The U.S. Defense Department will issue new press credentials while removing media offices from the Pentagon building itself, a department official announced Monday. This move follows a judge’s ruling that sided with The New York Times in a lawsuit concerning limits on reporters’ access.
Pentagon spokesperson Sean Parnell stated the agency disagrees with the ruling and intends to appeal. Last week, U.S. District Judge Paul Friedman in Washington, D.C., found the Pentagon’s new policy illegally restricted the press credentials of reporters who chose to leave the building rather than accept the new rules.

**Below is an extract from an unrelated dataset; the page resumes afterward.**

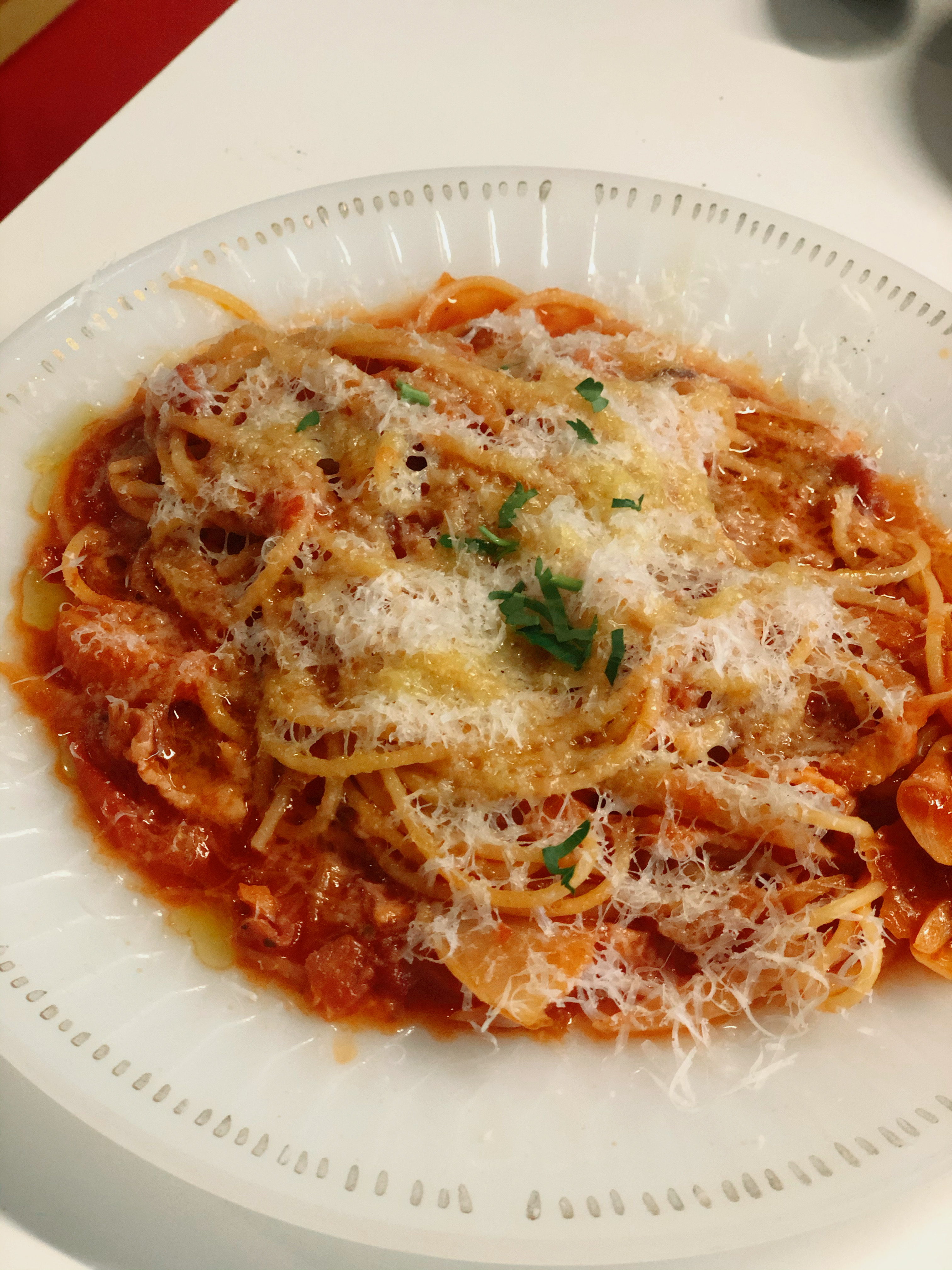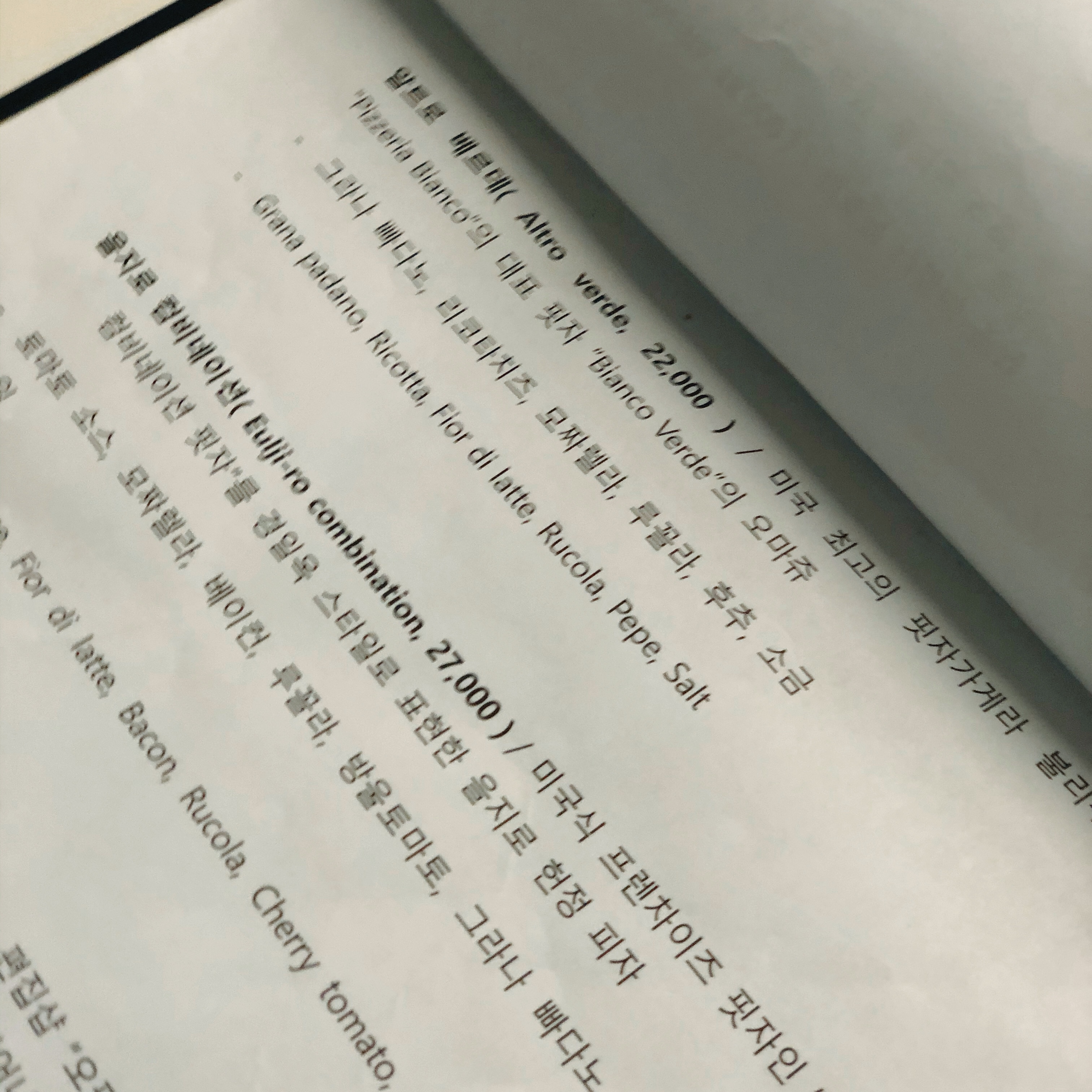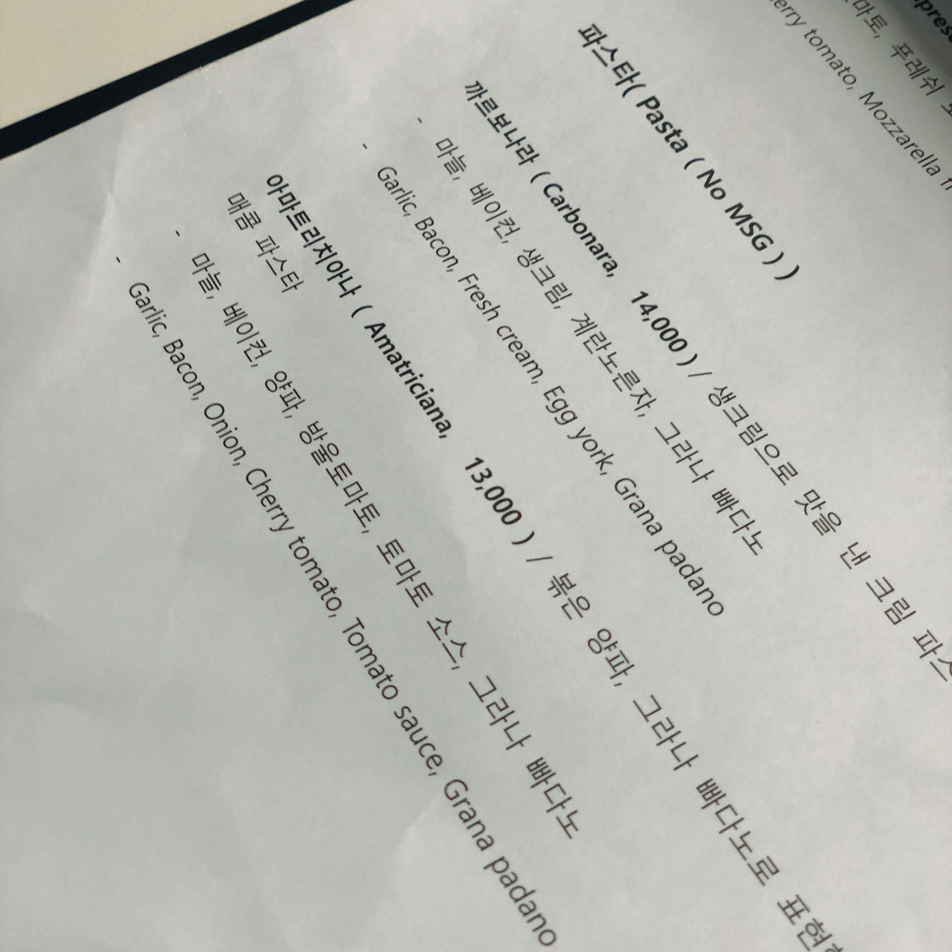우리는 피자 “알트로 베르데” 와 파스타 “아마트리치아나” 를 주문. 사실 처음이고 사전의 메뉴를 검색하지 않았던터라 직감적으로 시켰다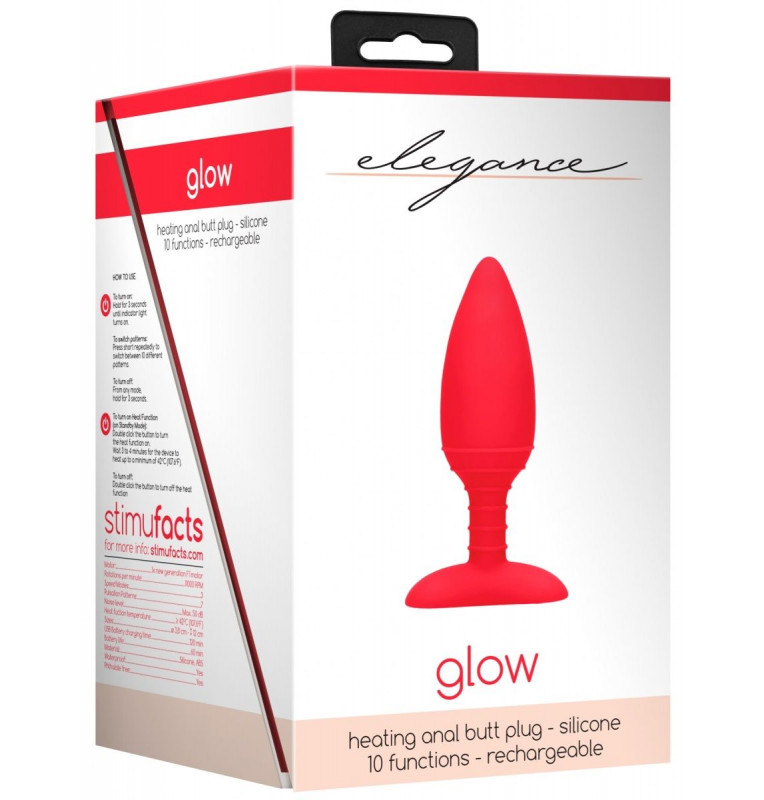 Для тех, кто любит ощущение заполненности, большая вибрирующая и согревающая перезаряжаемая анальная пробка Glow является идеальным дополнением. Glow сделана из медицинского силикона и имеет на стволе стимулирующие грани для усиления вашего впечатления. 10 уникальных функций вибрации. Эта анальная игрушка имеет функцию нагрева, которая позволяет вам нагреть ее до приятных 42 градусов Цельсия.

Parnell indicated that journalists will now work from an “annex” situated on the Pentagon grounds but outside the main structure. He noted the new facility “will be available when ready,” though he did not specify a timeline for its completion.
Journalists will still be granted access to the Pentagon for press conferences and interviews arranged through the department’s public affairs team, but they will be required to be escorted, Parnell confirmed on X.

The Times sued the Pentagon and Defense Secretary Pete Hegseth in December, claiming the credentialing policy violates the journalists’ constitutional rights to free speech and due process.
The current Pentagon press corps is comprised mostly of conservative outlets that agreed to the policy. Reporters from outlets that refused to consent to the new rules, including from The Associated Press, have continued reporting on the military.
The AP, meanwhile, is awaiting a decision by a three-judge panel of the U.S. District Court of Appeals on its separate lawsuit against President Donald Trump’s administration. The AP contends that Trump’s White House team punished it by reducing its access to presidential events because the outlet hasn’t followed his lead in renaming the Gulf of Mexico.